A high COLA is a good thing for those who have no other income, and a "lower inflation" will not necessarily help. There have been plenty of years, recently, with no COLA but that DOES NOT MEAN inflation was low or non existent. A COLA results if the CPI (Consumer Price Index) is higher during JULY, AUGUST and SEPTEMBER of a given year compared with the previous year. So just those 3 months of higher prices results in a COLA for the next year. If the CPI for those 3 months was the same or lower then no COLA. That, in no way, means that there was not high inflation other months, and considering that most people on SSDI had not planned to be sick, they often do not get to fully realize what their Social Security would be if they retired at the appropriate age.. I had to stop working at 37, if I could have worked until 67 my check would be much greater, and as is prices will continue to rise..I just hope they rise during July-Sept, and stay lower during the rest of the year.

Anonymous said...

The problem is the COLA is fixed to the wrong index and does not include the areas that the aging and disabled spend the majority of money on.

Anonymous said...

First, it has nothing to do with Donald Trump or Obama, it is based on a formula in the statute. Those of us getting a government pension get about half of that taken away by the government pension offset provisions. Try living on Social Security without a pension. I doubt most folks could do it!!!

Anonymous said...

Thanks for higher inflation and lower real wage growth? For less jobs created in Five and a half years? For more debt? Really.

Anonymous said...

"A high COLA is a good thing for those who have no other income."

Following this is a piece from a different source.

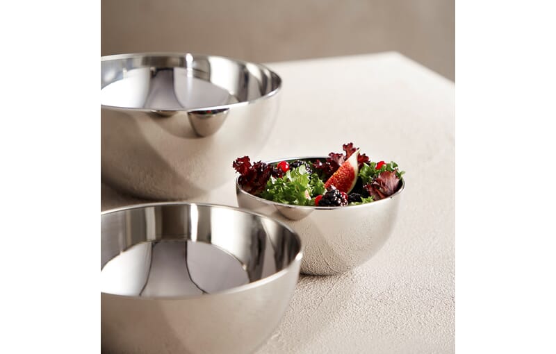 Bolle-sett i stål 3-pk. Ass Rustfritt bolle-sett med blank polert inn og utside. Dia.: 15 - 19 og 24cm

No kidding. Just like a raise is good for those who have "no other income." Seriously, just because people work, doesn't mean they have the ability to simply make more money. As noted by @8:24, unless workers get a similar raise, they are actually falling behind those who are not working, in terms of buying power. Costs go up for people that are working too....

Anonymous said...

Hello 10:00 PM, July 09, 2018,
I meant only 2 things by that:
1) Most people on SSDI have no other income, while some may actually have a pension coming form a past job, a lottery win, or are working part time (allowed under the SGA amount, but i would not advise it as it raises red flags).
2) Yes, people who work DO have the ability to make "more money"
A) you can get a better paying job
B) You can ask for a raise (more for White Collar)
C) You can work a part time job on top of your full time job (I had done that for 6 years, working 7 days a week and during 5 of those I also attended College at night. Of course it was in my younger days, but still there are OPTIONS. I see few, if any options, for me now and YES I do want the CPI to be high JULY-SEPT, and then go down...sorry but that is how I feel and my opinion. The conclusion being people who have medical disabilities are often stuck in a single income and people who are not disabled have many more choices. That is all I meant.